[EXCERPTED RECORDS Boundary: Start]

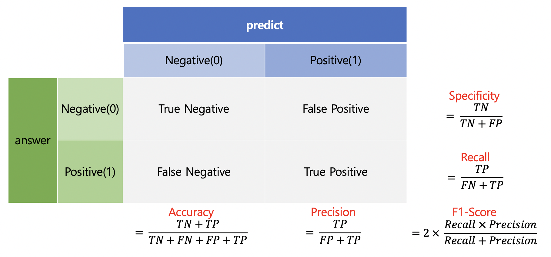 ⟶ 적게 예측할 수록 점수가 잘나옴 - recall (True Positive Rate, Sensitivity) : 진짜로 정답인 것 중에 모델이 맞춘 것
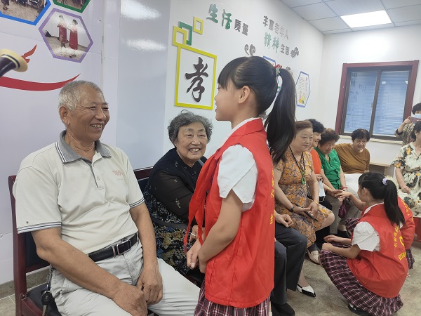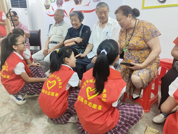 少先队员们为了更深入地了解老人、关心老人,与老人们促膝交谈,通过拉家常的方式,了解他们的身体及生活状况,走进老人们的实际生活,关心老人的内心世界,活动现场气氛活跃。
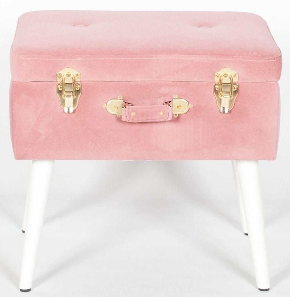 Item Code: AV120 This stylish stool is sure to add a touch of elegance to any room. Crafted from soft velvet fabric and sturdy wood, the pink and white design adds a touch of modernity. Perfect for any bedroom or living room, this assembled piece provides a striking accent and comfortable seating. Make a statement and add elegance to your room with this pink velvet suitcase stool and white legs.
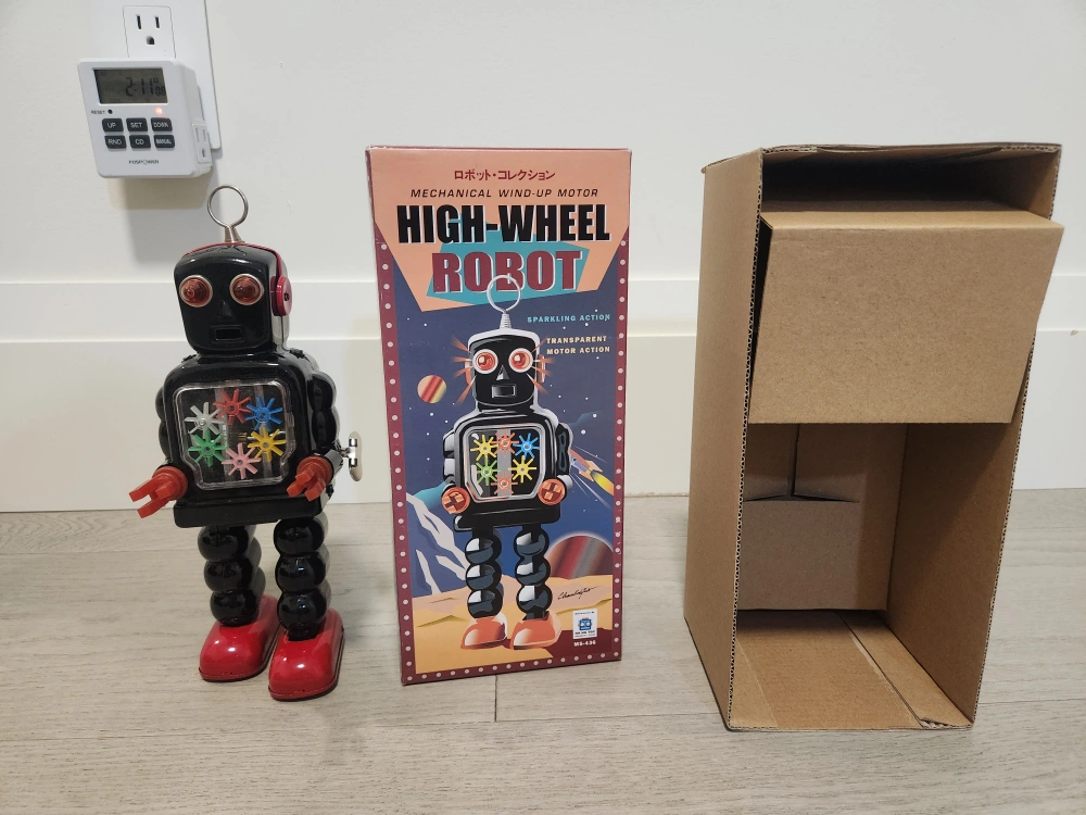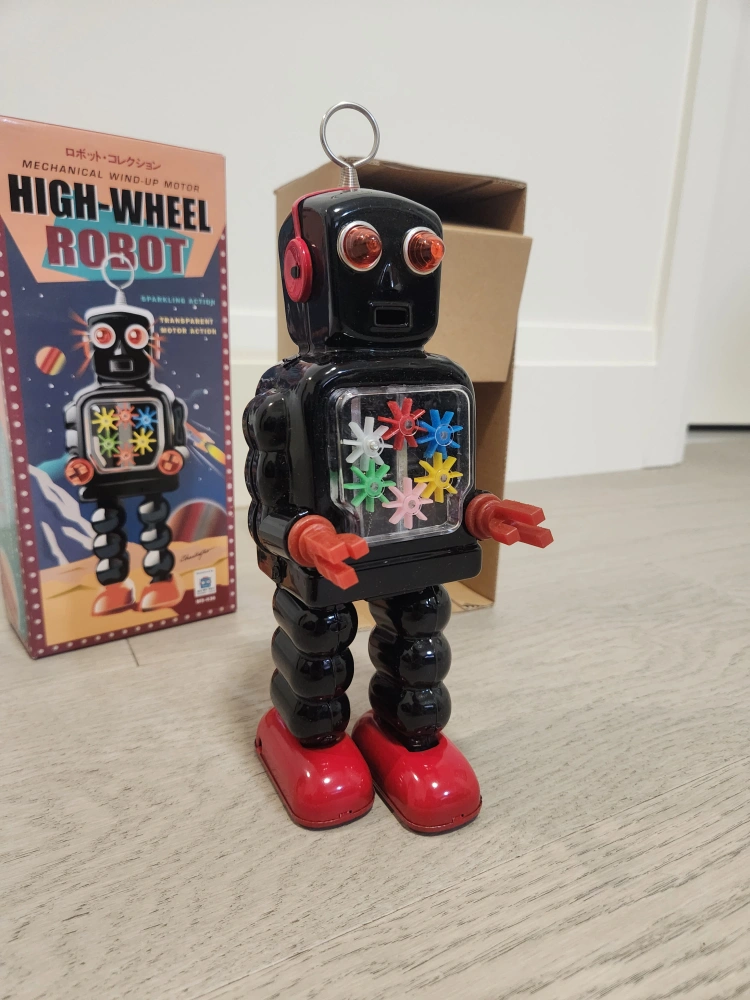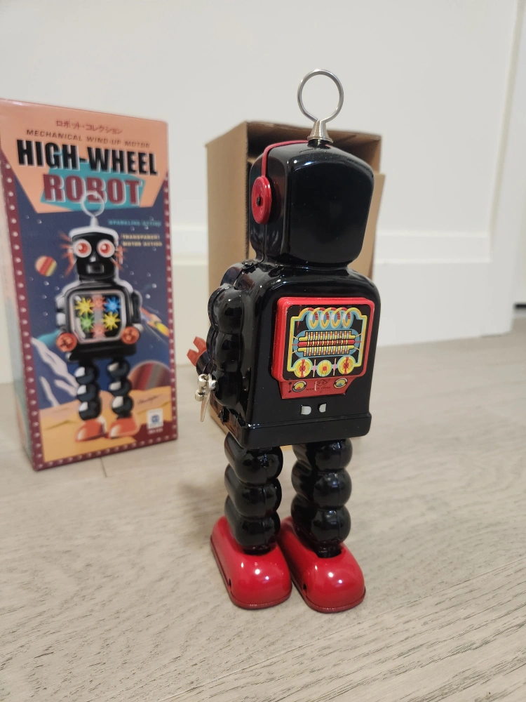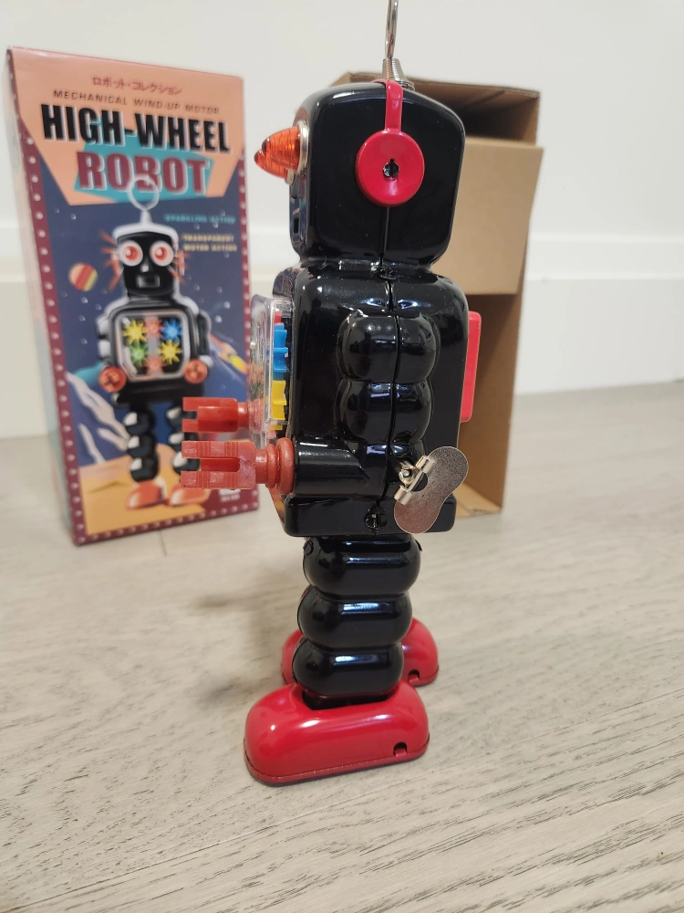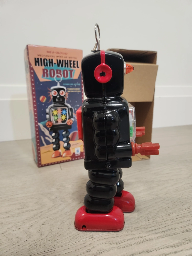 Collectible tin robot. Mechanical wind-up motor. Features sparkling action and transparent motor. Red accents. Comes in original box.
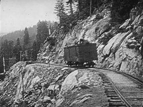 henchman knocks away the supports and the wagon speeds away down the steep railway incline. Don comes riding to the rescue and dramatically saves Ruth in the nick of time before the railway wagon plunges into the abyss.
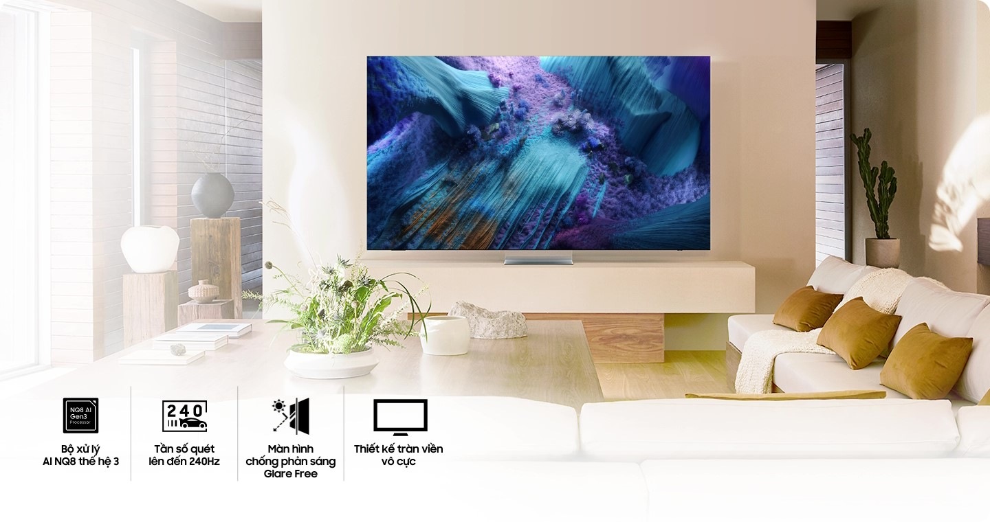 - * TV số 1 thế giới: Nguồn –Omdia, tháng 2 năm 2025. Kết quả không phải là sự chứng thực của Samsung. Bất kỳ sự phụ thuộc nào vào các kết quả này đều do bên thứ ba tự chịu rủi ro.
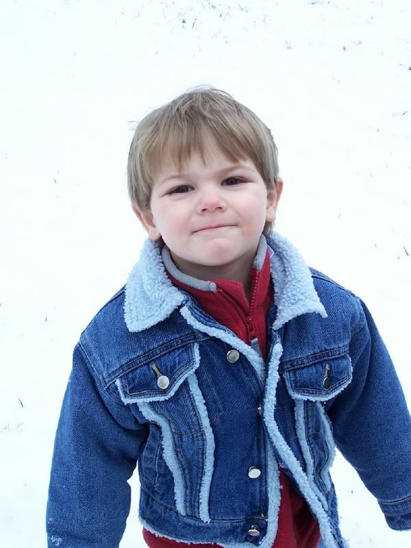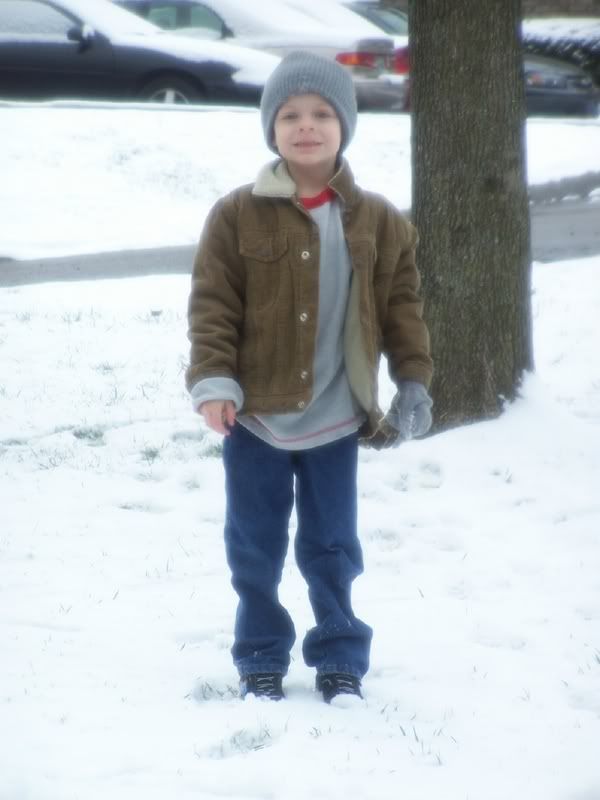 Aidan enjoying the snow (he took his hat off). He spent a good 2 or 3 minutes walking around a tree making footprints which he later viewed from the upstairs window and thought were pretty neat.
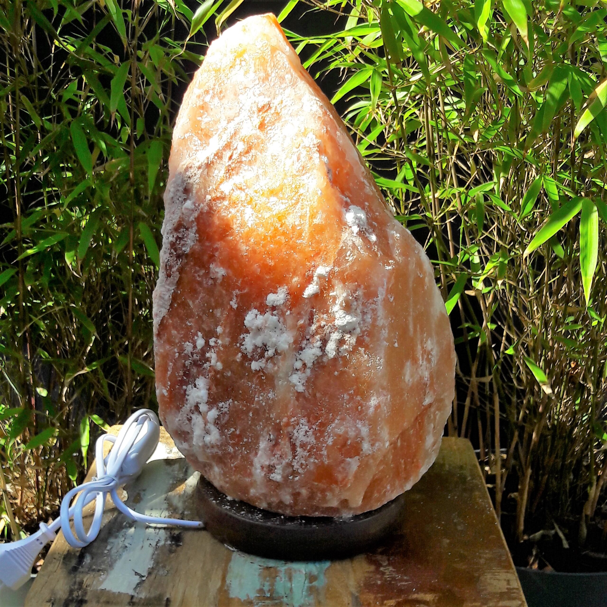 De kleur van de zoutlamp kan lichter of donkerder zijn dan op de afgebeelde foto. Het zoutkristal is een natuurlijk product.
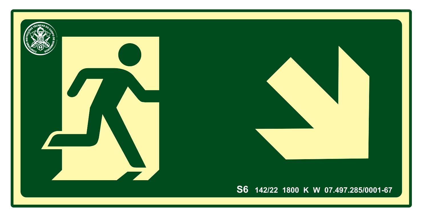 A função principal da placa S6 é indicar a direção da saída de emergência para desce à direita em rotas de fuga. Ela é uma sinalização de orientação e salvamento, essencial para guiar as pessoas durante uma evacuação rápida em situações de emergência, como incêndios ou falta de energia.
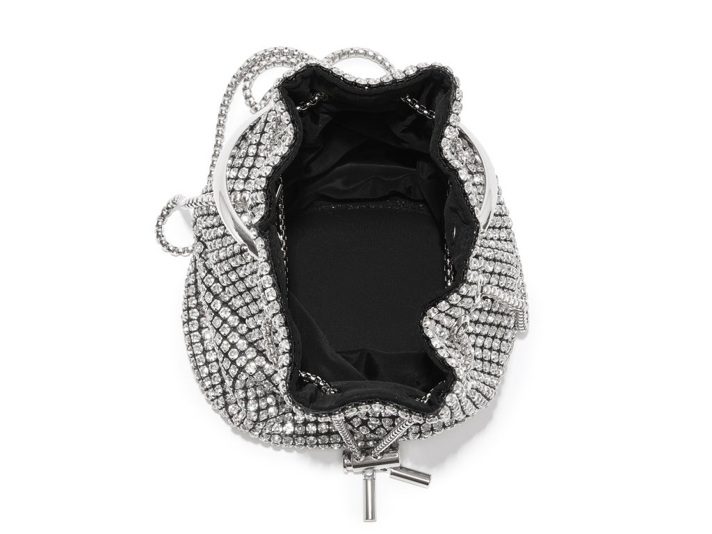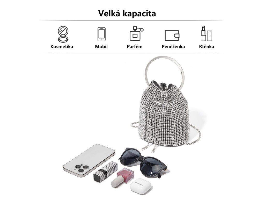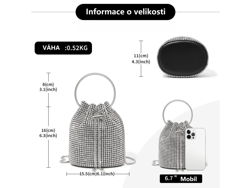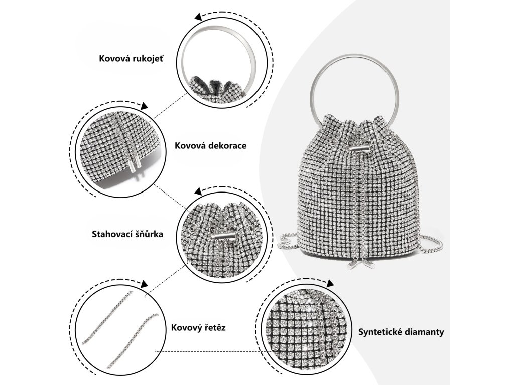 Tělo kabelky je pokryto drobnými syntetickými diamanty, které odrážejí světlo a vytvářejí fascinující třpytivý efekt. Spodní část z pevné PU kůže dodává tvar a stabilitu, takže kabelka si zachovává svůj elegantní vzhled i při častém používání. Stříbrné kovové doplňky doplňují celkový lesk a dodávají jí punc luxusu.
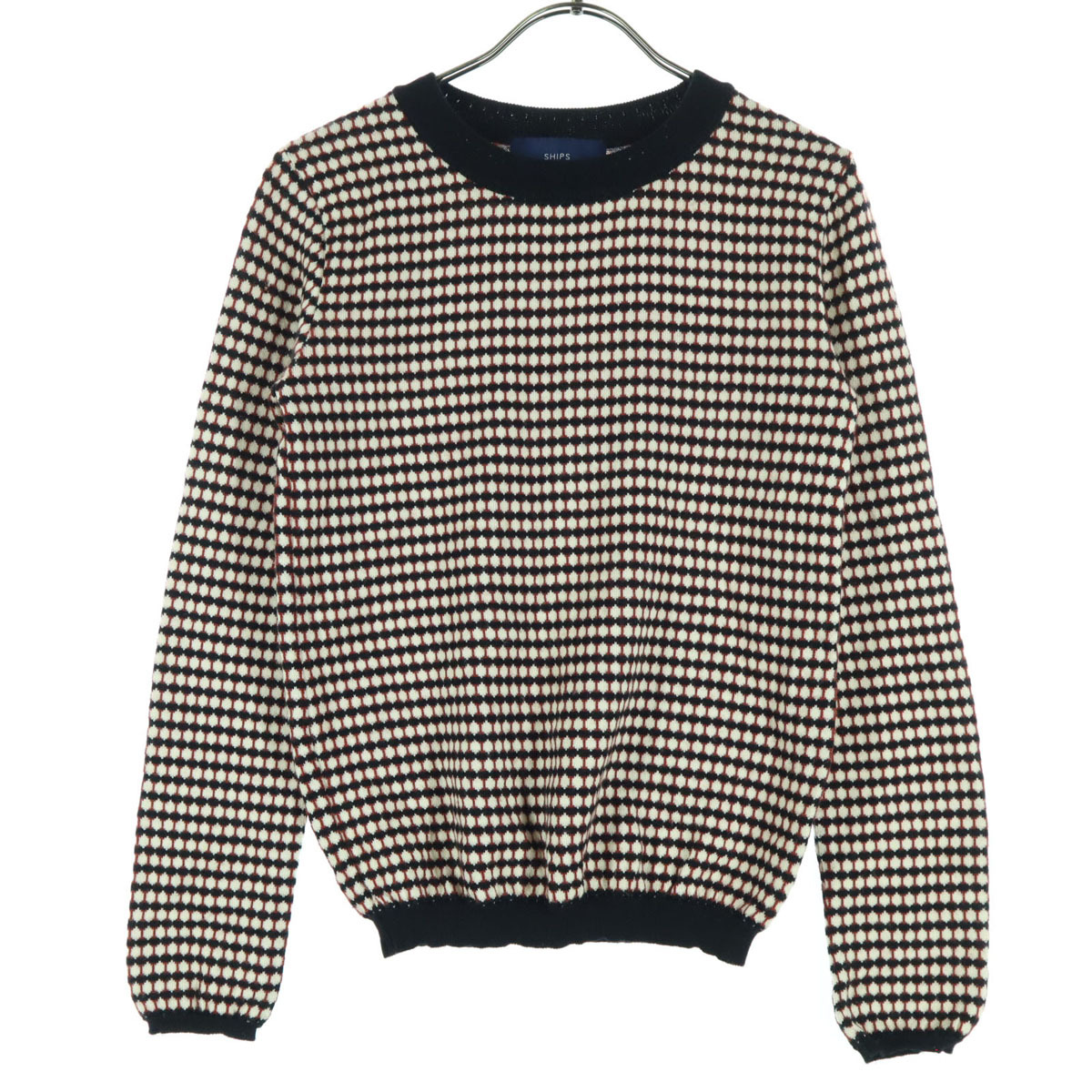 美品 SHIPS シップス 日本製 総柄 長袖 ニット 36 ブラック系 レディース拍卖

[EXCERPTED RECORDS Boundary: End]

- TASK TO CARRY OUT
Restate every line above word for word. Do not carry over the images.

- WRITTEN SOLUTION
 ⟶ 적게 예측할 수록 점수가 잘나옴 - recall (True Positive Rate, Sensitivity) : 진짜로 정답인 것 중에 모델이 맞춘 것
 少先队员们为了更深入地了解老人、关心老人,与老人们促膝交谈,通过拉家常的方式,了解他们的身体及生活状况,走进老人们的实际生活,关心老人的内心世界,活动现场气氛活跃。
 Item Code: AV120 This stylish stool is sure to add a touch of elegance to any room. Crafted from soft velvet fabric and sturdy wood, the pink and white design adds a touch of modernity. Perfect for any bedroom or living room, this assembled piece provides a striking accent and comfortable seating. Make a statement and add elegance to your room with this pink velvet suitcase stool and white legs.
 Collectible tin robot. Mechanical wind-up motor. Features sparkling action and transparent motor. Red accents. Comes in original box.
 henchman knocks away the supports and the wagon speeds away down the steep railway incline. Don comes riding to the rescue and dramatically saves Ruth in the nick of time before the railway wagon plunges into the abyss.
 - * TV số 1 thế giới: Nguồn –Omdia, tháng 2 năm 2025. Kết quả không phải là sự chứng thực của Samsung. Bất kỳ sự phụ thuộc nào vào các kết quả này đều do bên thứ ba tự chịu rủi ro.
 Aidan enjoying the snow (he took his hat off). He spent a good 2 or 3 minutes walking around a tree making footprints which he later viewed from the upstairs window and thought were pretty neat.
 De kleur van de zoutlamp kan lichter of donkerder zijn dan op de afgebeelde foto. Het zoutkristal is een natuurlijk product.
 A função principal da placa S6 é indicar a direção da saída de emergência para desce à direita em rotas de fuga. Ela é uma sinalização de orientação e salvamento, essencial para guiar as pessoas durante uma evacuação rápida em situações de emergência, como incêndios ou falta de energia.
 Tělo kabelky je pokryto drobnými syntetickými diamanty, které odrážejí světlo a vytvářejí fascinující třpytivý efekt. Spodní část z pevné PU kůže dodává tvar a stabilitu, takže kabelka si zachovává svůj elegantní vzhled i při častém používání. Stříbrné kovové doplňky doplňují celkový lesk a dodávají jí punc luxusu.
 美品 SHIPS シップス 日本製 総柄 長袖 ニット 36 ブラック系 レディース拍卖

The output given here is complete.